[Study material]
......

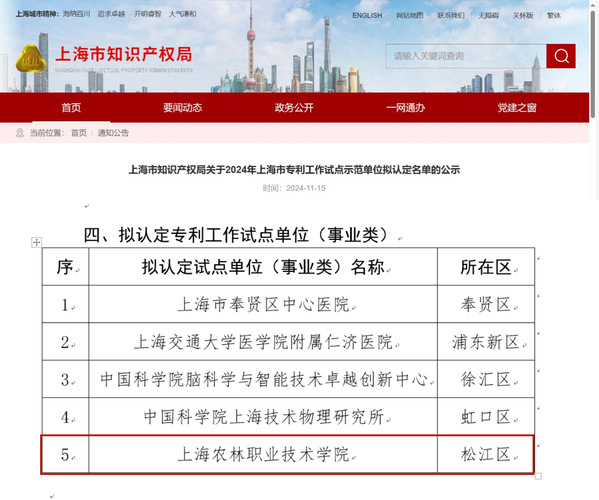 根据上海市知识产权局《2024年上海市专利工作试点示范单位拟认定名单》,学院拟认定为专利工作试点单位。这一认定是对学院在知识产权领域所做工作的肯定,也是对学院科研创新和专利保护工作的认可。
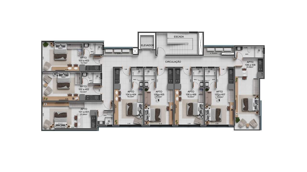 Flats com 21,80m² cozinha de apoio e banheiro;
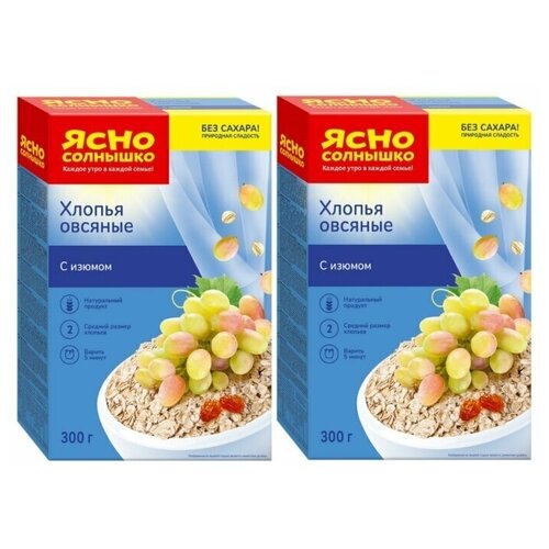 Овсяные хлопья с изюмом Ясно солнышко, 2 упаковки по 300 гр.
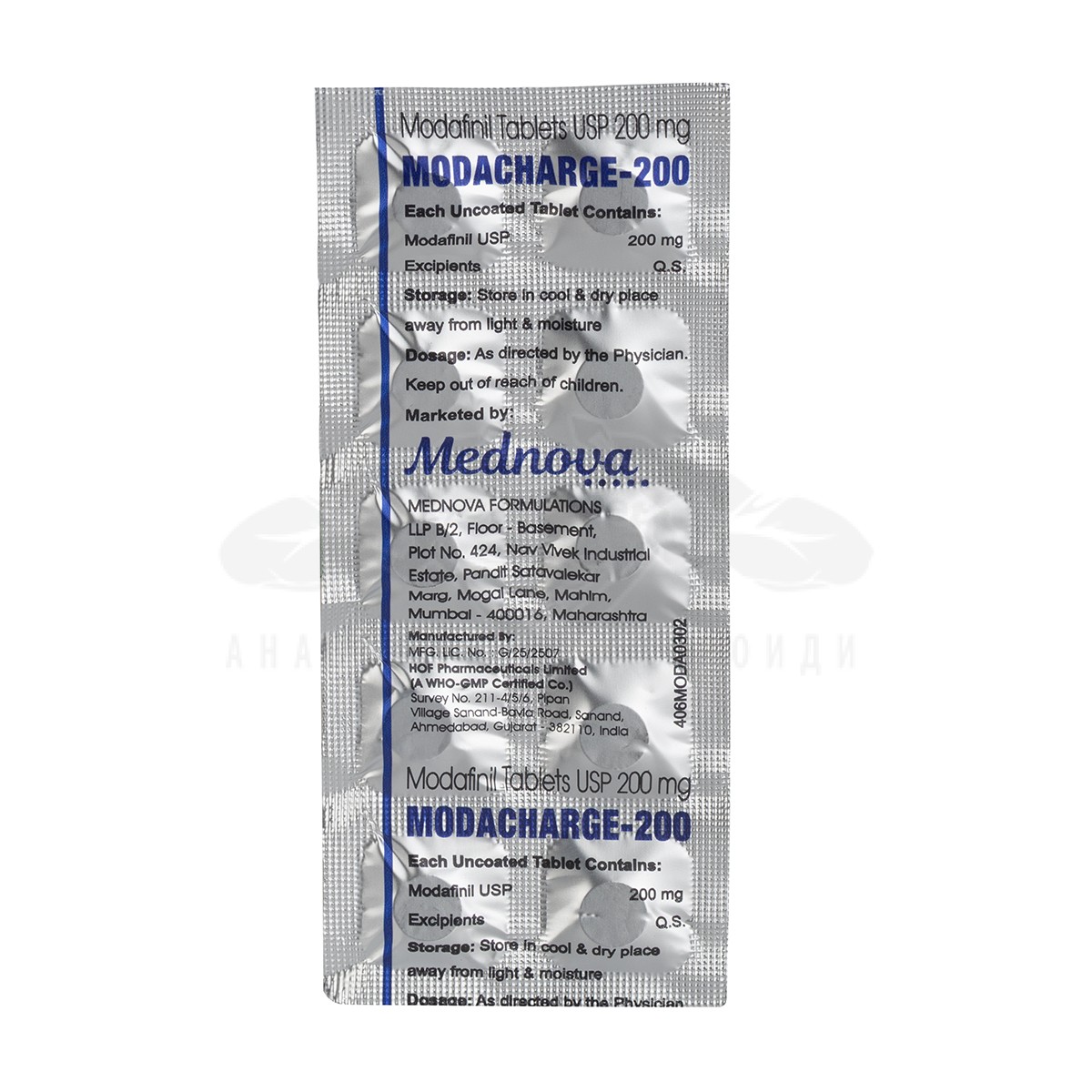 Modacharge-200 (Modafinil) – 10 табл. х 200 мг.
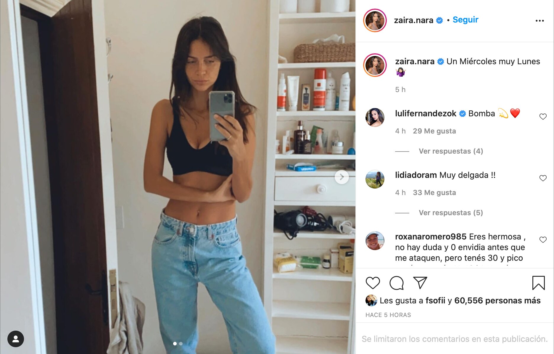 Una usuaria escribió un comentario que generó un hilo de al menos 10 respuestas: “Eres hermosa, no hay duda y 0 envidia antes que me ataquen, pero tenés 30 y pico… cuánto pesás?? 40 k? No sé, pero… no es muy poco? No dá para ejemplo a las chicas y no digan que es su contextura, porque no es así, no era así antes…”. Entre las respuestas hubo algunas que apoyaron esta postura, pero muchas otras que no creían correcto opinar sobre el cuerpo de Zaira. Una usuaria incluso explicó que seguro se debía a que la modelo aún da pecho, y muchas veces eso puede generar una importante baja de peso.
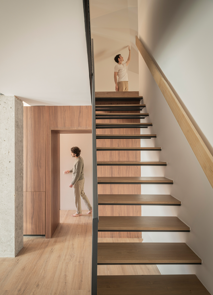這項充滿巧思的設計方案最大的特色在於將閣樓空間規劃為兩個樓層,且各樓層都圍繞著一條主要軸線展開。這兩條交錯的軸線不僅創造出饒富趣味的公共空間,更透過強化自然採光及通風效果,大幅降低住宅的能源消耗率。
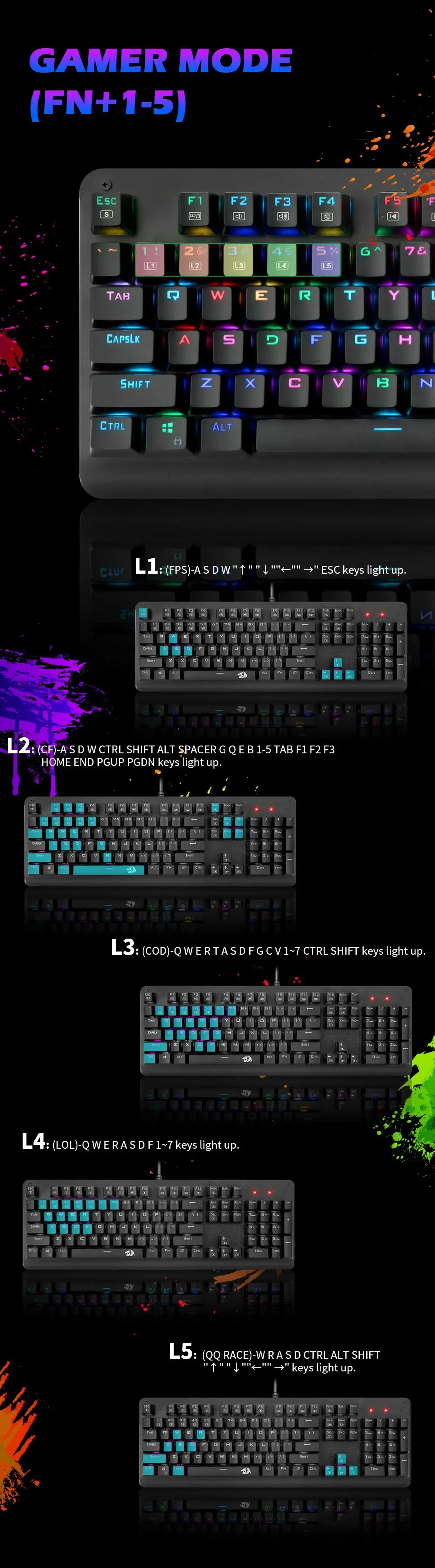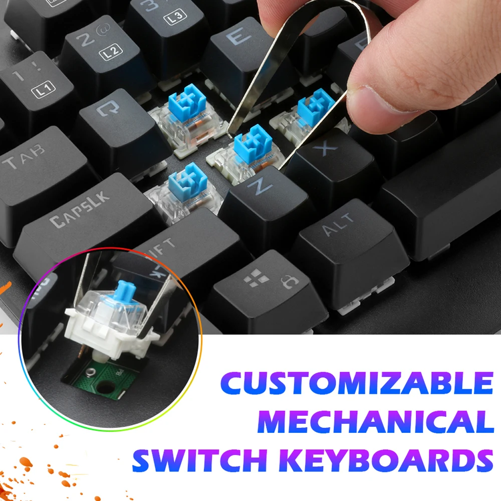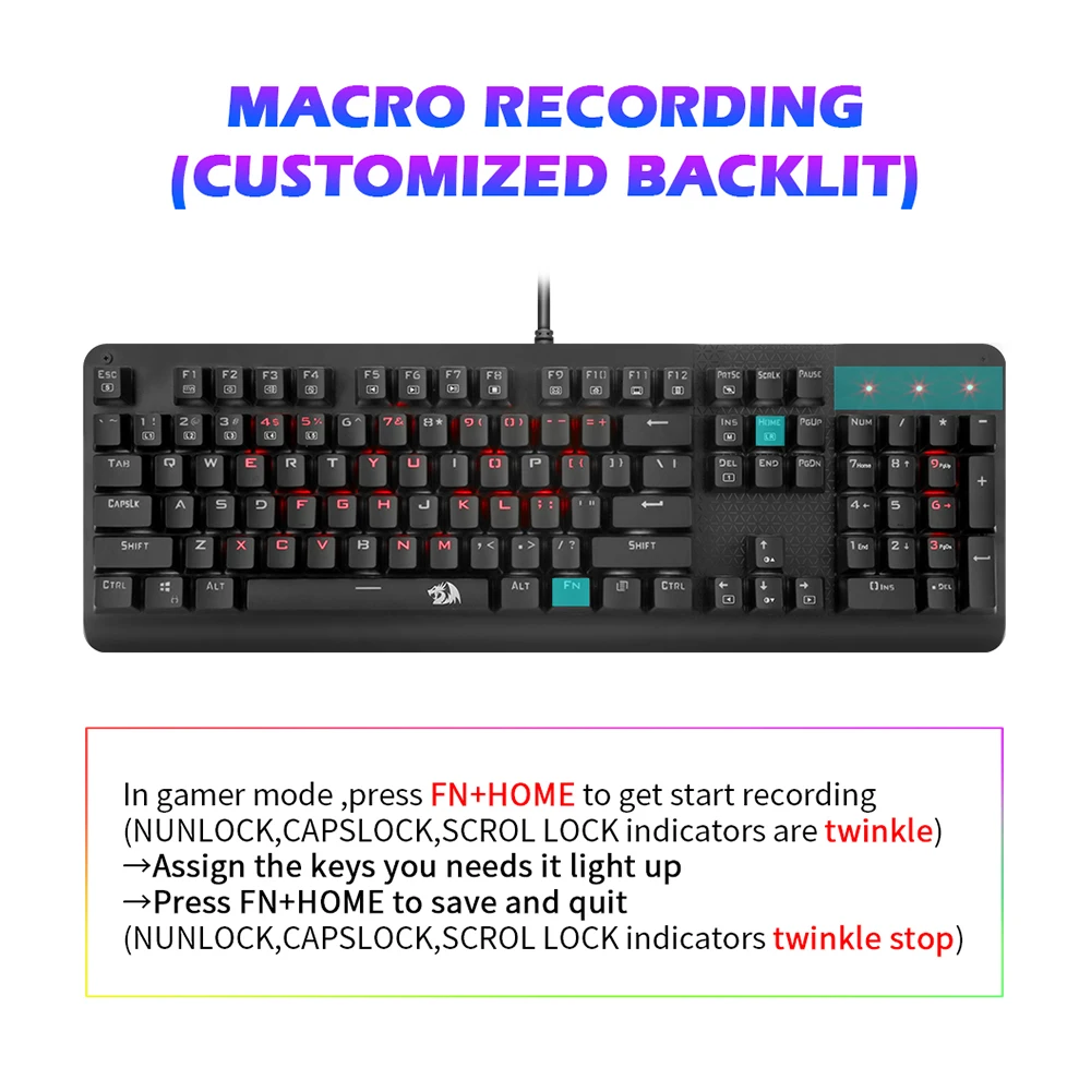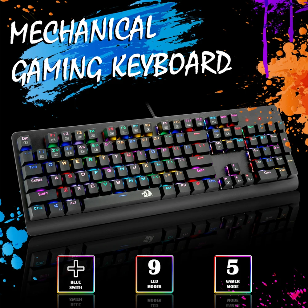 Механическая игровая клавиатура Redragon SANI K581 RGB USB, синий переключатель со светодиодной подсветкой, 104 ключа, проводная, для ПК, компьютерных игр, для России, США
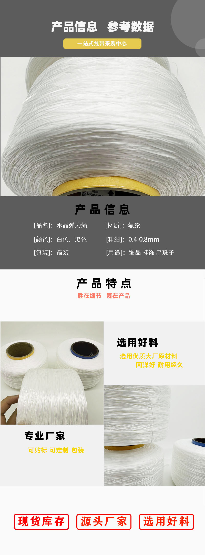 氨纶弹力绳厂家直销 大货批发整件批发 大卷大桶工厂自用实惠 多丝水晶线多股弹力绳透明水晶鞋 高回弹水晶线
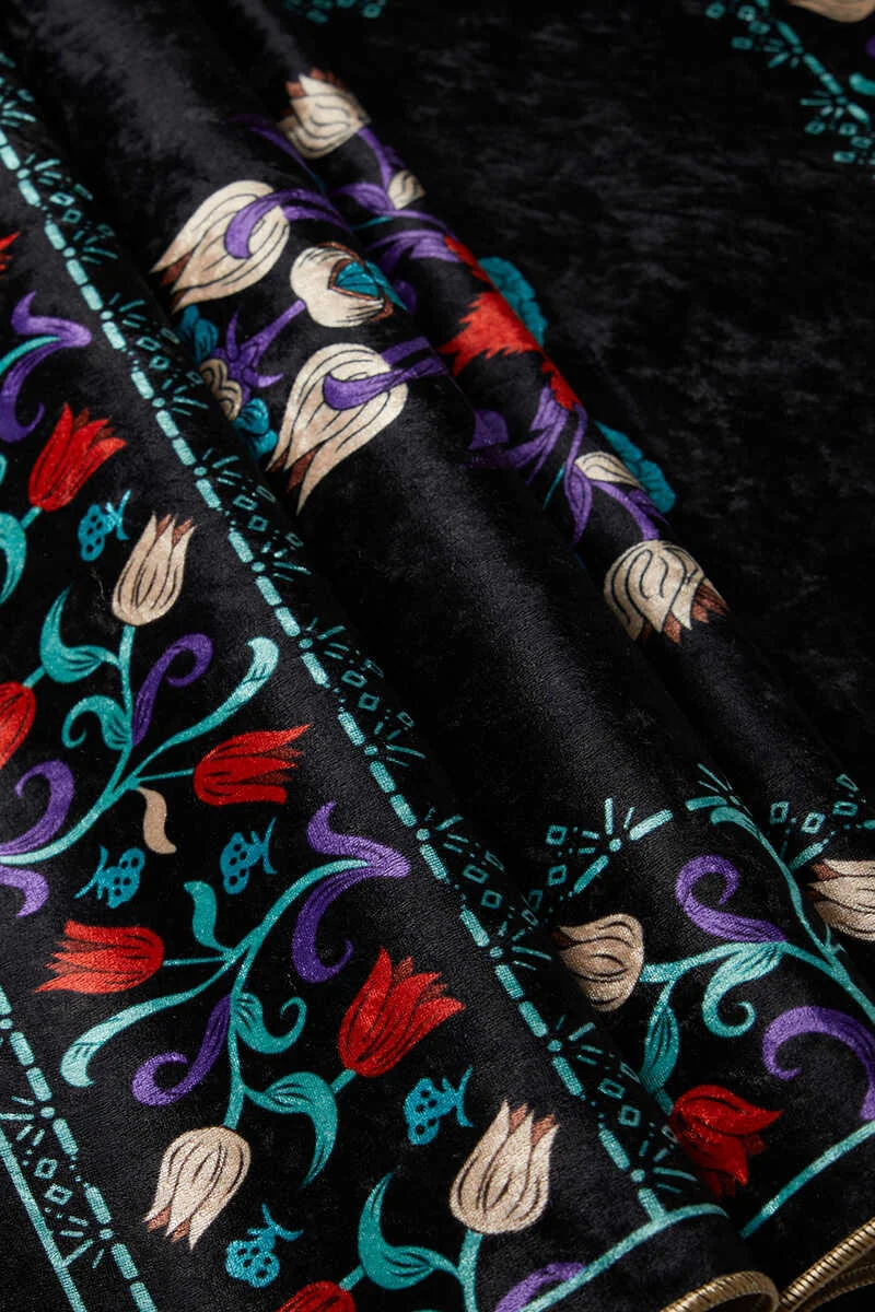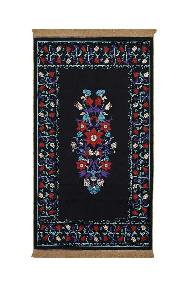 This Black Velvet Prayer Rug combines traditional Turkish motifs with intricate tile patterns. Measuring 65×115 cm, it offers both decorative appeal and practical use. The rug is crafted in Bursa, Turkey, known for its quality textile production. Its velvet texture provides a comfortable surface for prayer.
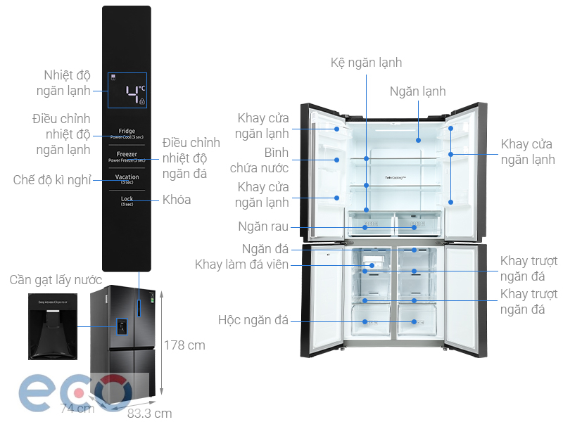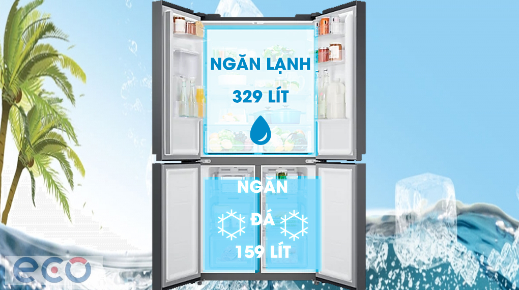 Với tổng dung tích lên đến 488 lít, tủ lạnh này đáp ứng nhu cầu bảo quản thực phẩm của các gia đình có từ 4 - 5 thành viên. Trong đó:
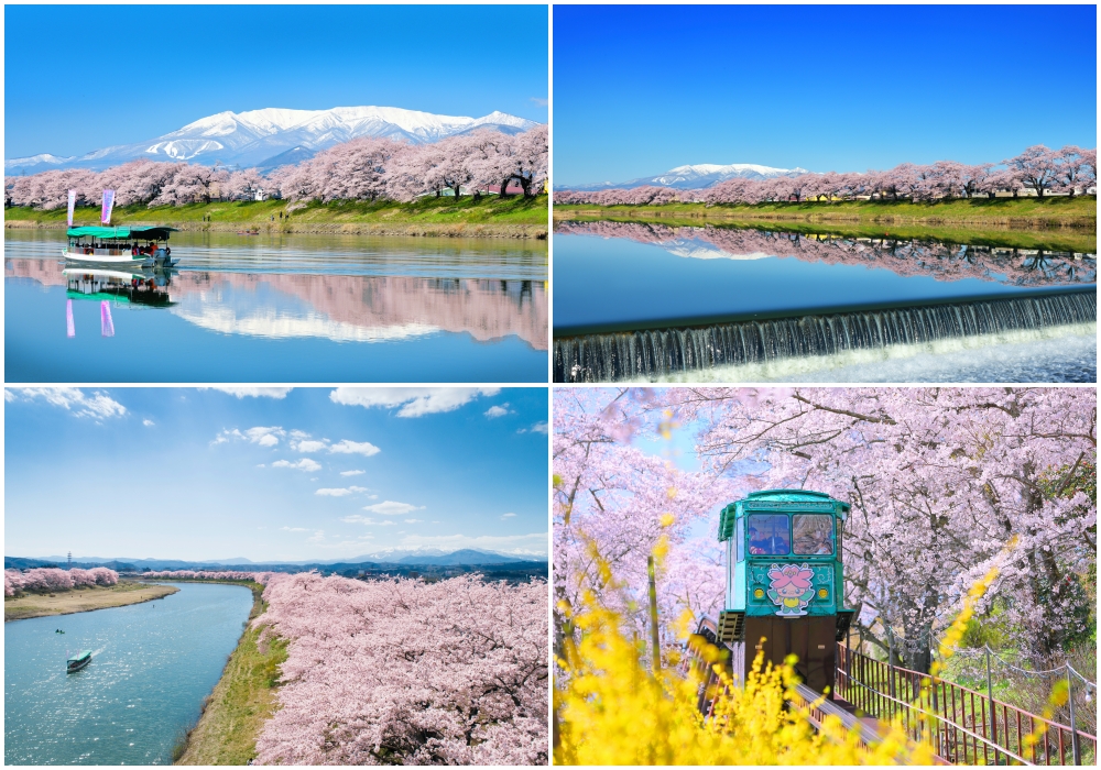 Selanjutnya, kita menuju selatan ke tepi Sungai Shiroishi (白石川) di Prefektur Miyagi, ke tempat yang disebut Hitome Senbonzakura (一目千本桜), yang memiliki nama yang secara harfiah berarti “1,000 pohon sakura dalam satu pandangan”. Pemandangan megah dari kereta api yang berjalan sejajar dengan deretan pohon sakura yang tampaknya tak berujung bergoyang lembut tertiup angin, dengan Gunung Zao yang tertutup salju sebagai latar belakang, pasti akan membuat Anda terpesona! Pemandangan ini dapat dengan mudah dilihat dari atas Jembatan Shibata Senokyo (しばた千桜橋 Shibata Sen’о̄kyо̄), yang dibangun baru-baru ini pada tahun 2015.
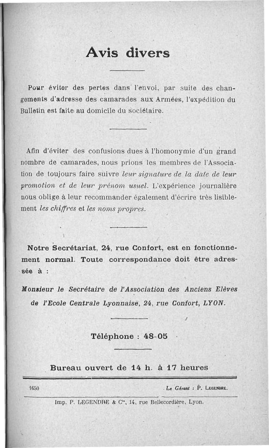 Association des Anciens Eleves de l'Ecole Centrale Lyonnaise, Décembre 1918, 46 pages
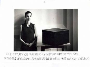 « Si possono anche costruire casi del tutto burleschi. Si rinchiuda un gatto in una scatola d’acciaio insieme con la seguente macchina infernale (che occorre proteggere dalla possibilità d’essere afferrata direttamente dal gatto): in un contatore Geiger si trova una minuscola porzione di sostanza radioattiva, così poca che nel corso di un’ora forse uno dei suoi atomi si disintegra, ma anche in modo parimenti verosimile nessuno; se ciò succede, allora il contatore lo segnala e aziona un relais di un martelletto che rompe una fiala con del cianuro. Dopo avere lasciato indisturbato questo intero sistema per un’ora, si direbbe che il gatto è ancora vivo se nel frattempo nessun atomo si fosse disintegrato. La prima disintegrazione atomica lo avrebbe avvelenato. La funzione Ψ dell’intero sistema porta ad affermare che in essa il gatto vivo e il gatto morto non sono stati puri, ma miscelati con uguale peso.[1] »
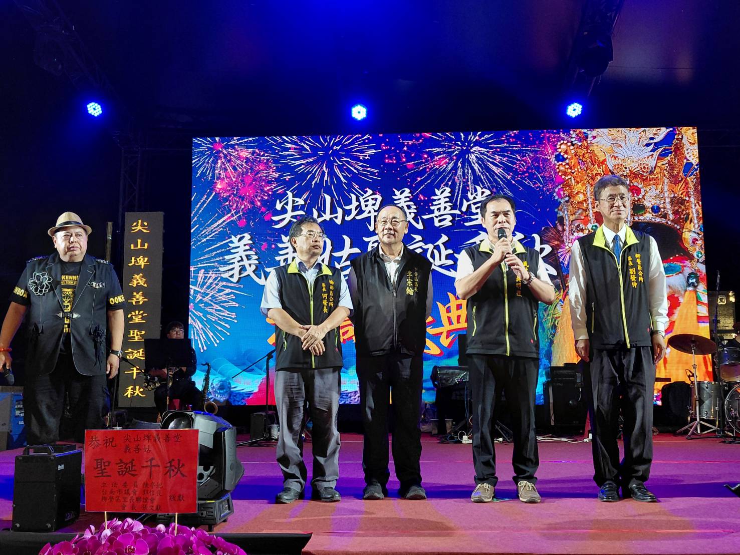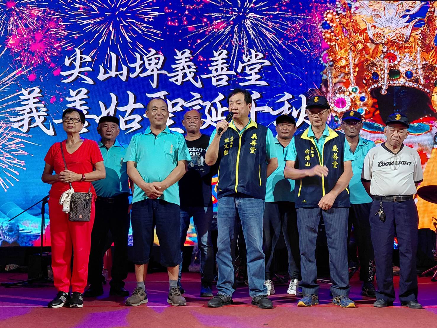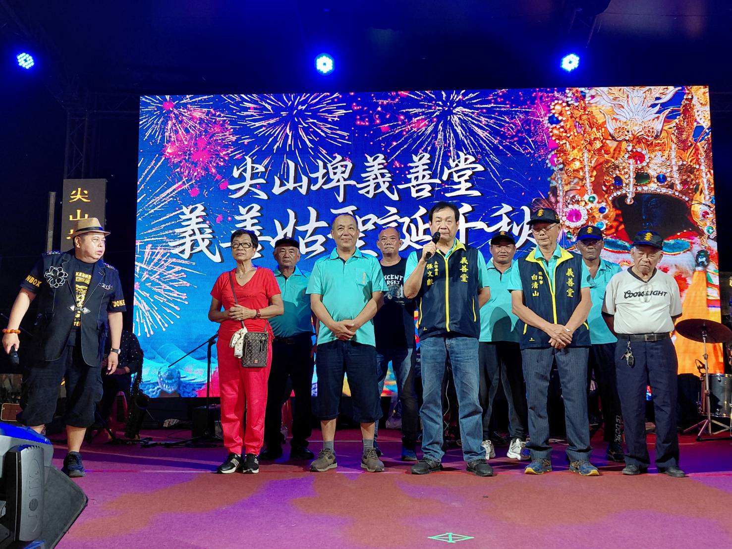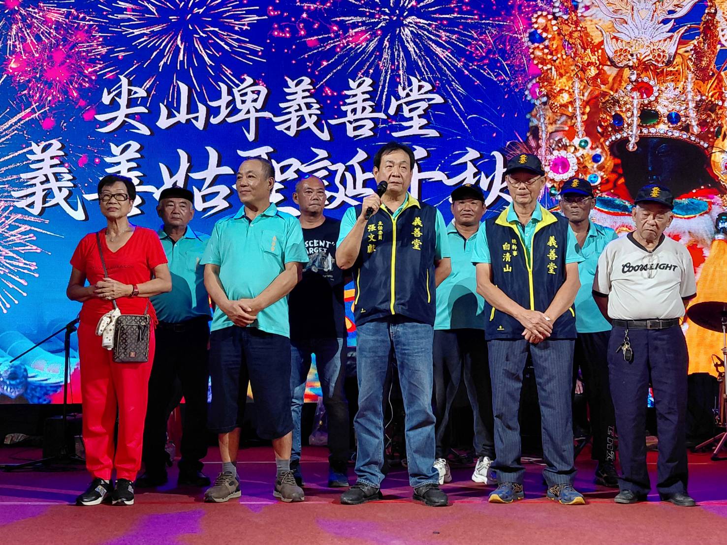 114年11月8日七時四十分,廚壓軸戲登場,在對岸尖山埤水庫堤岸,施放畫破天際的百萬煙火秀,流星般的煙火,將義善姑廟廣場,點綴的宛如白晝般,打破歷年來,新紀錄!

......

[Your assignment] Restate the lines above from the one containing "Flats com 21,80m²" through the one containing "氨纶弹力绳厂家直销 大货批发整件批发 大卷大桶工厂自用实惠", inclusive, exactly and without pictures.

[Exercise response]
 Flats com 21,80m² cozinha de apoio e banheiro;
 Овсяные хлопья с изюмом Ясно солнышко, 2 упаковки по 300 гр.
 Modacharge-200 (Modafinil) – 10 табл. х 200 мг.
 Una usuaria escribió un comentario que generó un hilo de al menos 10 respuestas: “Eres hermosa, no hay duda y 0 envidia antes que me ataquen, pero tenés 30 y pico… cuánto pesás?? 40 k? No sé, pero… no es muy poco? No dá para ejemplo a las chicas y no digan que es su contextura, porque no es así, no era así antes…”. Entre las respuestas hubo algunas que apoyaron esta postura, pero muchas otras que no creían correcto opinar sobre el cuerpo de Zaira. Una usuaria incluso explicó que seguro se debía a que la modelo aún da pecho, y muchas veces eso puede generar una importante baja de peso.
這項充滿巧思的設計方案最大的特色在於將閣樓空間規劃為兩個樓層,且各樓層都圍繞著一條主要軸線展開。這兩條交錯的軸線不僅創造出饒富趣味的公共空間,更透過強化自然採光及通風效果,大幅降低住宅的能源消耗率。
 Механическая игровая клавиатура Redragon SANI K581 RGB USB, синий переключатель со светодиодной подсветкой, 104 ключа, проводная, для ПК, компьютерных игр, для России, США
 氨纶弹力绳厂家直销 大货批发整件批发 大卷大桶工厂自用实惠 多丝水晶线多股弹力绳透明水晶鞋 高回弹水晶线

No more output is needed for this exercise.